J Am Acad Orthop Surg. 2023 Nov 22. doi: 10.5435/JAAOS-D-23-00296. Online ahead of print.
ABSTRACT
INTRODUCTION: Health inequities remain a notable barrier for pediatric patients, especially in conditions such as adolescent idiopathic scoliosis (AIS), where the efficacy of nonsurgical treatment is dependent on early diagnosis and referral to a specialist. Social determinants of health (SDOH) are nonmedical factors that affect health outcomes, such as economic stability, neighborhood environment, and discrimination. Although these factors have been studied throughout the AIS literature, considerable inconsistencies remain across studies regarding the investigation of SDOH for this population. Through a scoping review, we analyze the existing literature to propose a comprehensive framework to consider when designing future prospective and retrospective studies of healthcare equity in AIS.
METHODS: A systematic review was executed in accordance with the Preferred Reporting Items for Systematic Reviews and Meta-Analyses checklist. A meta-analysis was performed for each reported SDOH (race, ethnicity, insurance provider, and socioeconomic status) including only studies with complete and consistent variables and outcomes. Cobb angle measurements were aggregated and summarized as the weighted mean difference with 95% confidence interval using a fixed or random-effects model (substantial heterogeneity identified).

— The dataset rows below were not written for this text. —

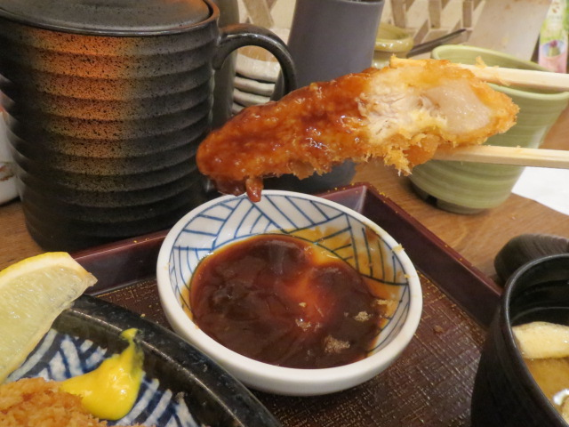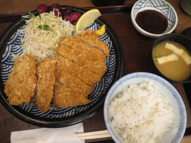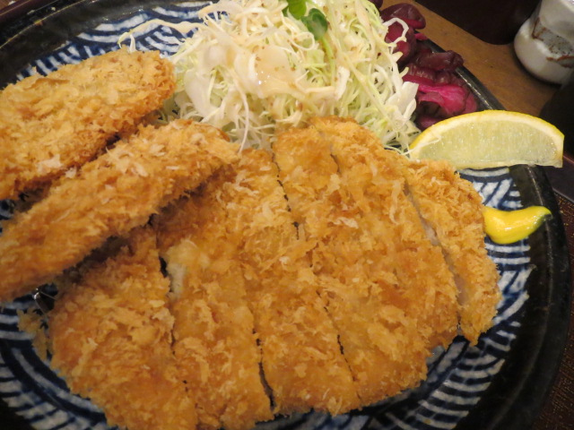イオンモール京都五条の3階にあるレストラン、バーミヤンのすぐ左隣にあります。訪れたこの日は日曜日のランチ時。満席状態で10分ほど並んでいました。店内の中央にカウンター席、テーブル席や小上がりの席もあります。オーダーしたのは、ヒレかつとロースかつ定食。ご飯、キャベツ、味噌汁はお替わり自由なのが嬉しい。かつはロース・ヒレともに、サクサクとした食感。いいパン粉を使って揚げてあります。肉の旨味がたっぷり味わえるように、肉の厚みがちょうどよく、揚げ加減も素晴らしい。ごまドレッシングをかけた千切りキャベツとかつとの相性も抜群。ご飯はもち米も混ざっていて炊き具合もいいので、食感は絶妙のレベルに。あげとわかめが入った味噌汁は白味噌仕立てで、昔よく飲んだ懐かしい味。お値段以上の味わいに満足しました。
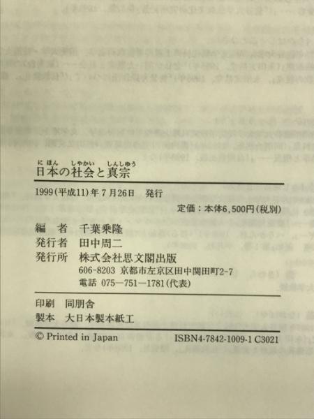 日本の社会と真宗 思文閣出版 千葉乗隆
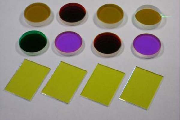 濾光片是塑料或玻璃片再加入特種染料做成的。玻璃片的透射率原本與空氣差不多,所有有色光都可以通過,所以是透明的,但是染了染料后,分子結構變化,折射率也發生變化,對某些色光的通過就有變化了。比如一束白光通過藍色濾光片,射出的是一束藍光,而綠光、紅光極少,大多數被濾光片吸收了。

RESULTS: Of 7,539 studies reviewed, nine studies met all the inclusion criteria. As expected, considerable inconsistencies were found across the nine studies making it difficult to aggregate data. Within the meta-analyses, the mean difference between White non-Hispanic and Hispanic patients was statistically significant (1.71; 95% confidence interval 0.78 to 2.65; P < 0.001). No other statistically significant differences were identified among the SDOH and presenting main Cobb angle magnitude.
CONCLUSION: These studies provide insight into healthcare inequities in AIS, although notable inconsistencies make it difficult to aggregate data and draw the conclusions needed to drive necessary public health changes. However, our proposed framework can provide a guideline for future prospective and retrospective studies to standardize data reporting and allow for improved collaboration, study design, and future systematic reviews and meta-analyses.